回留(2号店)ホェイリョウ

 ディンタイフォンでパンパンになったお腹を抱えながら街を散策。
 オーガニックカフェの茶藝館・回留2号店へは近いようなので地図
 を片手に歩いて行く事に。しばらく歩いていると薄暗い公園の向こ
 う側に窓からこぼれる光がまるで人を誘うかのように瞬いている。
 フラフラ近付いて行くとそこがお目当ての回留でびっくり。ちなみ
 にお店に面しているこの小さな公園には夜8時近かったのにもかか
 わらず大人にまぎれて子供が真っ暗な中で遊んでいた。お国柄?

 店内はあたたかみのあるスタイリッシュな空間づくりで茶藝館というより日本のカフェっぽい雰囲気。
 入ってすぐ横にあるオープン棚にはオーナー手作りの茶器や工夫茶に使用する道具類や茶葉などが所狭
 しとディスプレイされ販売されている。道具を揃えていないので目移りしまくりどれもが「欲しい!」
 モノばかり…特に飲杯(インペイ)はデザインも様々でどれも素敵なので迷ってしまう。

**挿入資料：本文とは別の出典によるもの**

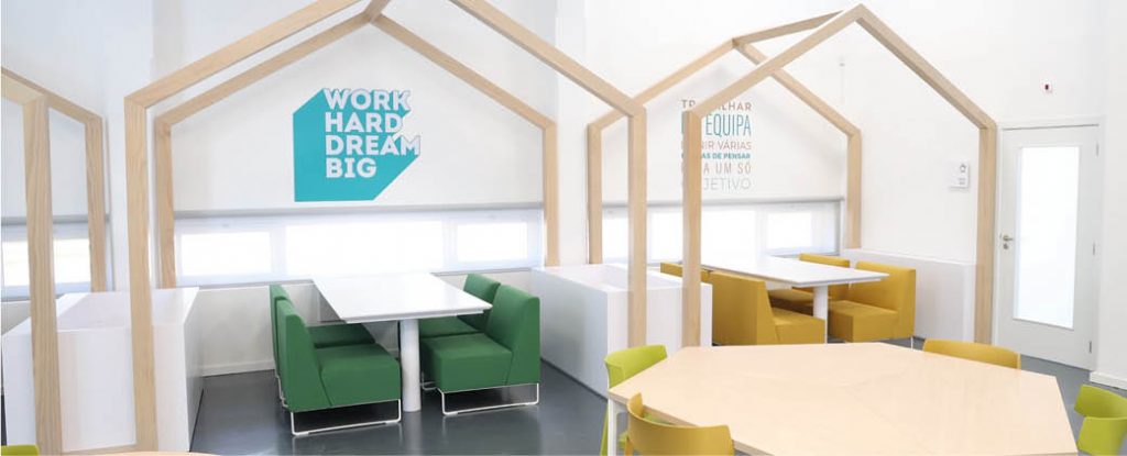 • A Sala Colaborativa, pensada para a experimentação e co-criação de soluções com empresas, autarquias e instituições locais;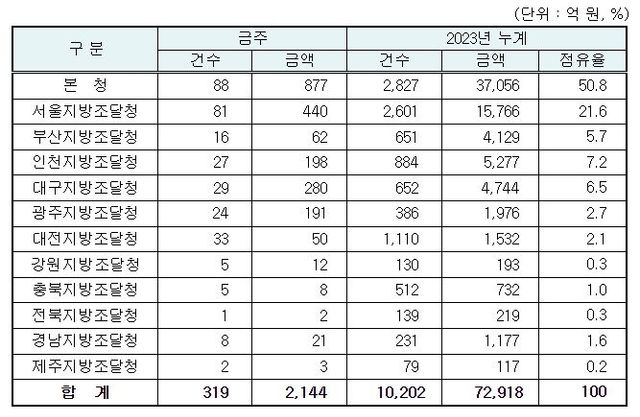 지역별 발주량을 보면 대전광역시 소재 본청 877억 원, 서울지방청 440억 원 등 2개청(1,317억 원)이 전체 금액(2,144억 원)의 61.4%를 차지하고 있으며, 인천 등 나머지 10개 지방청 827억 원이 각각 집행될 예정이다.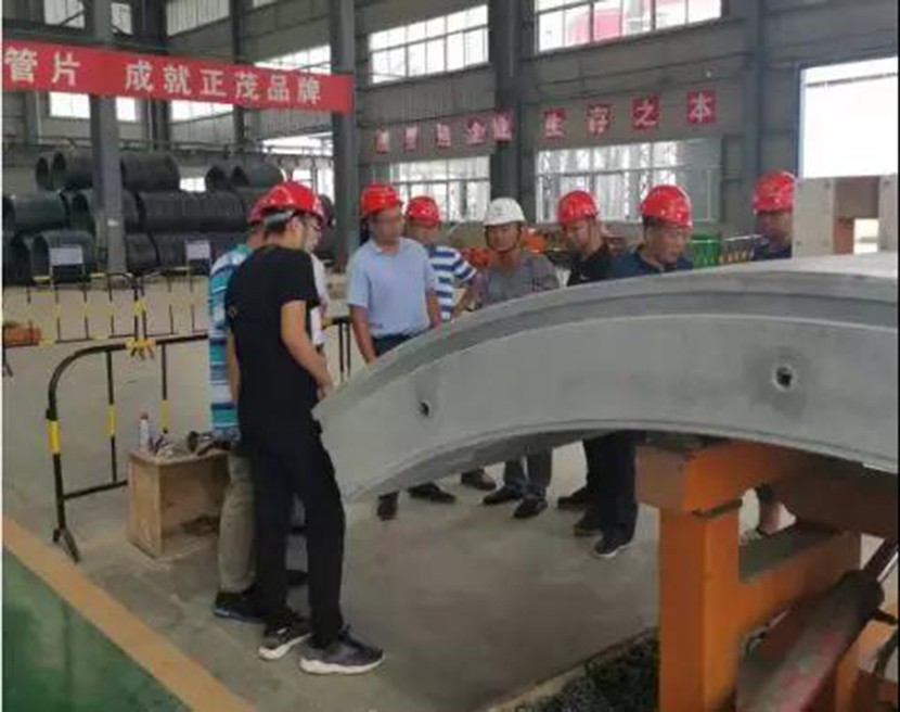 周總一行此次蒞臨正茂管片廠主要考察生產設備,產品質量,供貨能力,同時雙方就武漢地鐵11號線葛店段管片生產進行技術交底。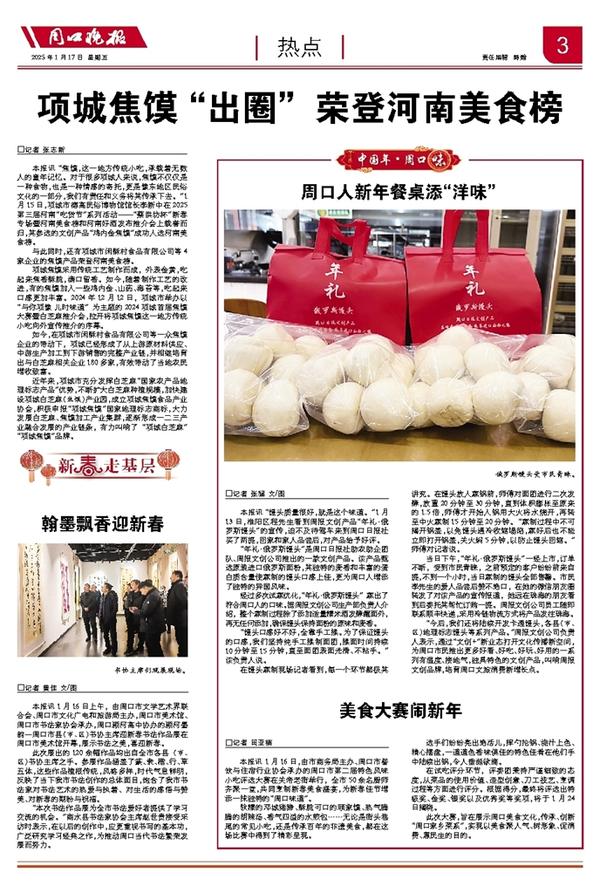 本报讯 “焦馍,这一地方传统小吃,承载着无数人的童年记忆。对于很多项城人来说,焦馍不仅仅是一种食物,也是一种情感的寄托,更是豫东地区民俗文化的一部分,我们有责任和义务将其传承下去。”1月15日,项城市德高民俗博物馆馆长李新中在2025第三届河南“吃货节”系列活动——“蔡洪坊杯”新春专场暨河南美食榜和河南好酒发布推介会上载誉而归,其参选的文创产品“鸡内金焦馍”成功入选河南美食榜。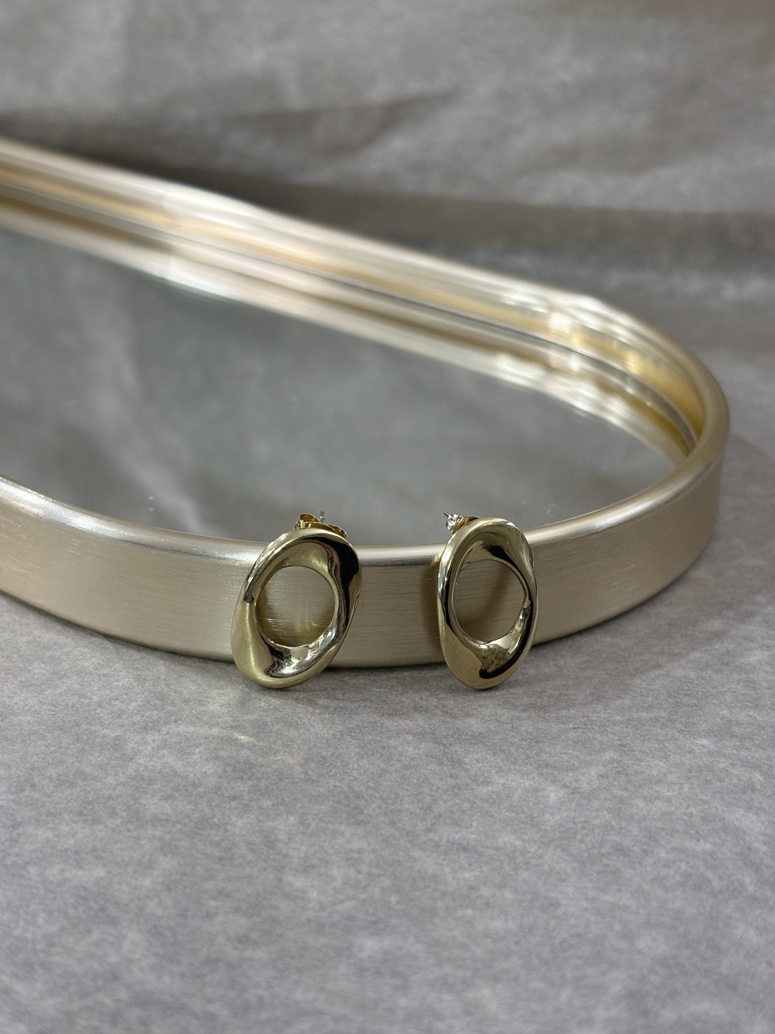 Ατσάλινα σκουλαρίκια σε χρώμα χρυσό. Δεν μαυρίζουν και είναι ανθεκτικά στο νέρο.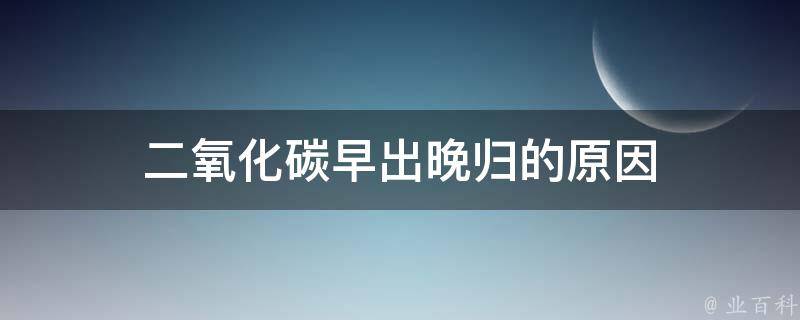 二氧化碳早出晚归的原因是二氧化碳的排放和吸收过程在自然界中有循环。植物通过光合作用吸收二氧化碳,将其转化为氧气并储存在植物体中。然后植物通过呼吸或分解过程中释放二氧化碳,使二氧化碳早出。此外,地球上的海洋也吸收和释放大量的二氧化碳。

 席はそれぞれコーナーごとに表情が異なりインドや日本風
 な雰囲気があったりして面白い。また照明もその雰囲気に
 合わせてそれぞれ照明がダウンしてある。店内を見回すと
 様々なテイストが入り交じっているがセンスよくリミック
 スされていて不思議と調和がとれている。この中から席を
 選ぶのもまた楽しみの1つかも。

 写真は入り口を望む事ができる席。お買い物の待ち合わせ
 などに便利かも。店内にはおじさんおばさんから学生ぽい
 人まで幅広い客層で夜遅くまで賑わっている。それぞれお
 茶とおしゃべりを楽しみ店内は心地よいざわめきで満ちて
 いる。

 お茶をオーダーすると登場するのがこの工夫茶
 (コンフウチャ)のセット。小ぶりの急須と飲
 杯(小さい湯のみ)そして一番大きい白い器は
 茶海。これはピッチャーのような役割で一度茶
 海にお茶を全て注ぎ入れその後にそれぞれ湯の
 みに入れる。お茶の濃度を均一にする為に茶海
 というものがあるのはとても合理的で感心。
 たしかに日本茶などんなに気を配って少しづつ
 分配して煎れてもお茶の濃度を均一にするのは
 難しいしな、と改めて感じた。

 火鉢でお湯をちんちんに湧かし、わいわいしゃべりながらお茶をガブガブ飲むのが台湾流。お湯がな
 くなれば足してもらいお茶を心ゆくまで楽しみむ。もちろん何時間いたって大丈夫。お店の人に嫌な
 顔なんてされたりしないのがいい。学生時代に戻ったように時間を気にせず他愛もない話で盛り上がる。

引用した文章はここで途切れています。